Exact copy, no pictures: repeat the data that follows.
--- --- ---
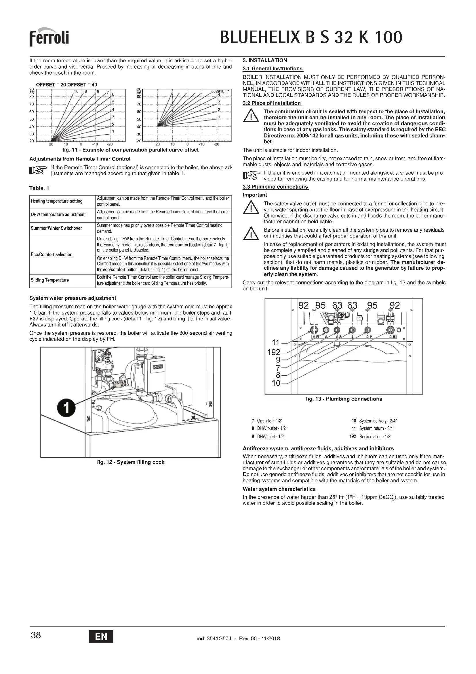 Bluehelix B S 32 K 100 - Central heating boiler FERROLI - Free user manual and instructions
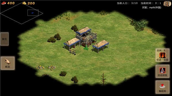进入游戏后,既可以单独选中农民,也能点击框选按钮来选择一定范围内的农民。
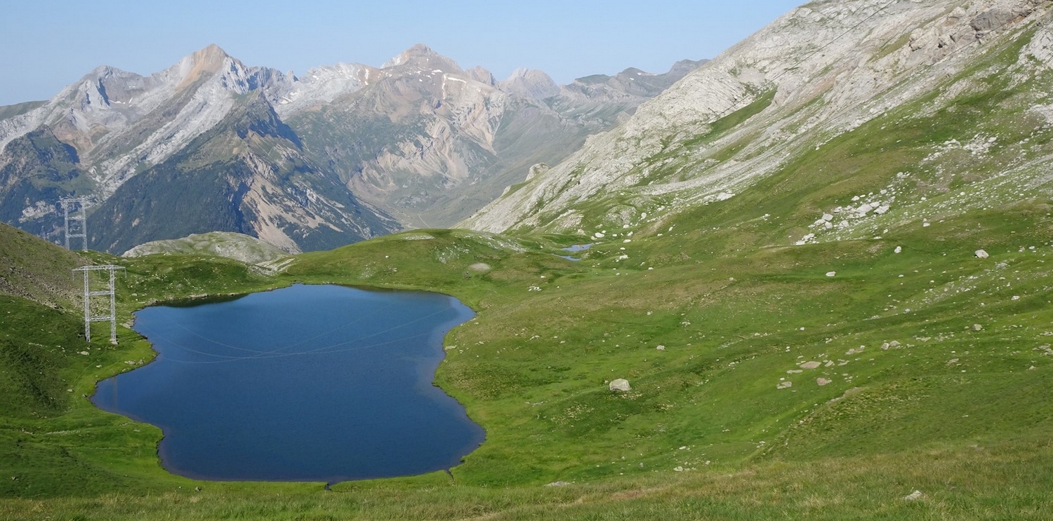 lac de Sautaro qui est côté espagnol et flanqué de pylônes très moches, belle grimpette par un sentier escarpé.
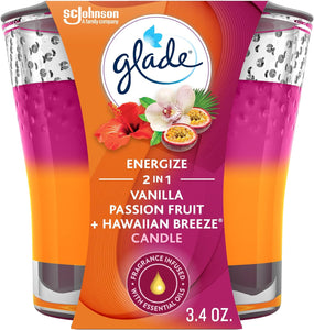 2-in-1 Candle Vanilla Passion Fruit and Hawaiian Breeze scented candle in a stylish glass jar
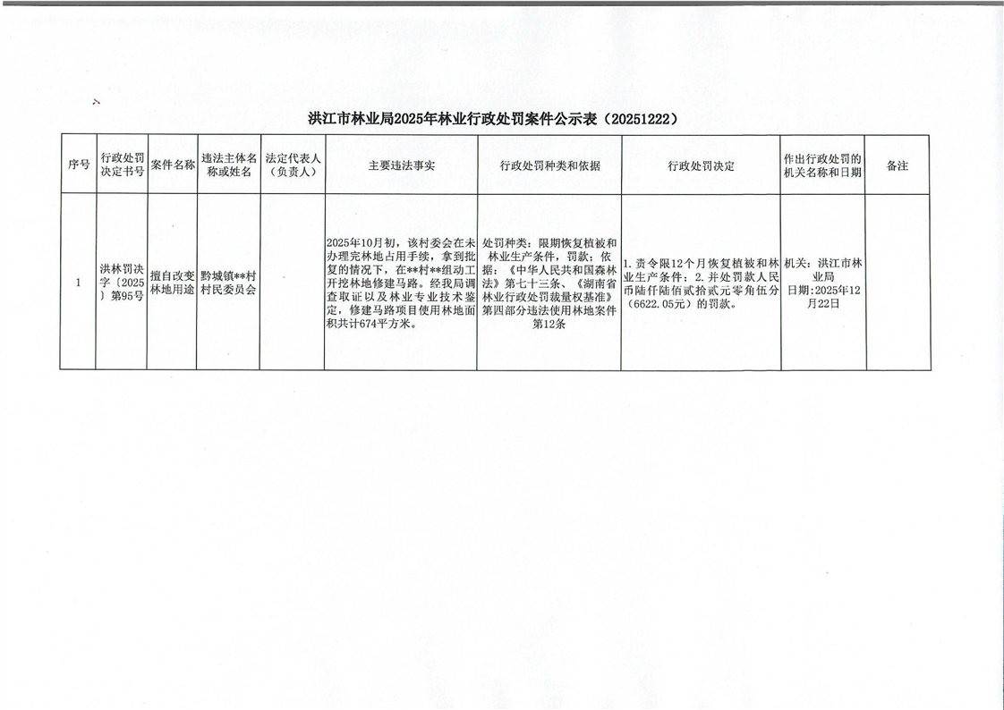 洪江市林业局2025年林业行政处罚案件公示表(20251222)
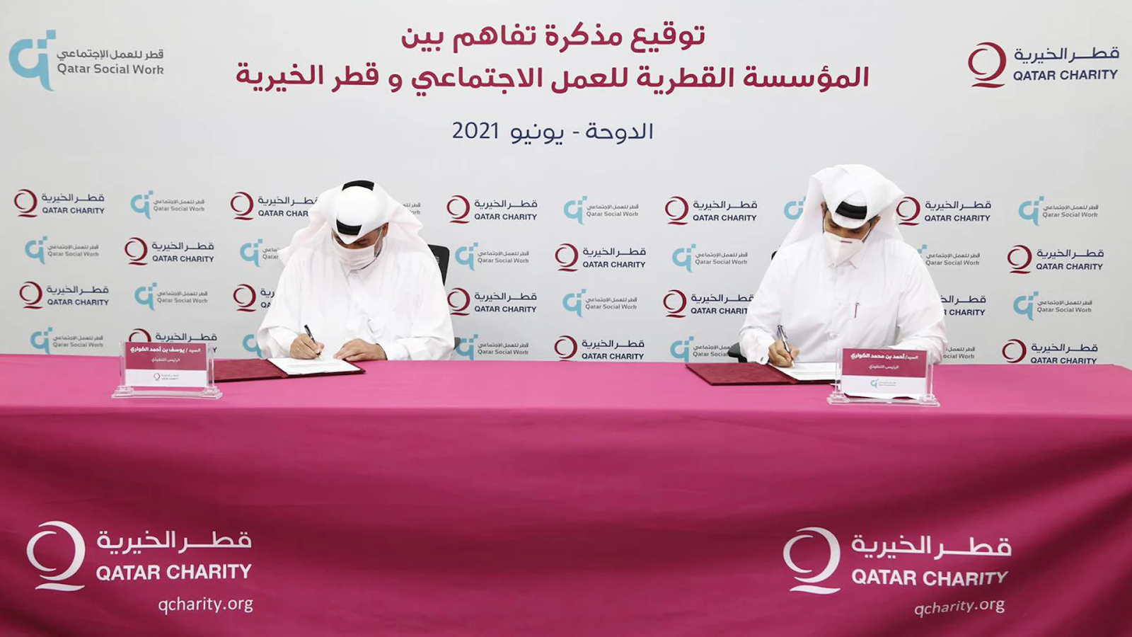 قد وقع على مذكرة التفاهم السيد يوسف بن أحمد الكواري الرئيس التنفيذي لقطر الخيرية والسيد أحمد بن محمد الكواري، الرئيس التنفيذي للمؤسسة القطرية للعمل الاجتماعي، بحضور عدد من المسؤولين في المؤسستين، إضافة إلى عدد من الإعلاميين وممثلي مختلف وسائل الإعلام.
--- --- ---
→ **Answer space**
 Bluehelix B S 32 K 100 - Central heating boiler FERROLI - Free user manual and instructions
进入游戏后,既可以单独选中农民,也能点击框选按钮来选择一定范围内的农民。
 lac de Sautaro qui est côté espagnol et flanqué de pylônes très moches, belle grimpette par un sentier escarpé.
 2-in-1 Candle Vanilla Passion Fruit and Hawaiian Breeze scented candle in a stylish glass jar
 洪江市林业局2025年林业行政处罚案件公示表(20251222)
 قد وقع على مذكرة التفاهم السيد يوسف بن أحمد الكواري الرئيس التنفيذي لقطر الخيرية والسيد أحمد بن محمد الكواري، الرئيس التنفيذي للمؤسسة القطرية للعمل الاجتماعي، بحضور عدد من المسؤولين في المؤسستين، إضافة إلى عدد من الإعلاميين وممثلي مختلف وسائل الإعلام.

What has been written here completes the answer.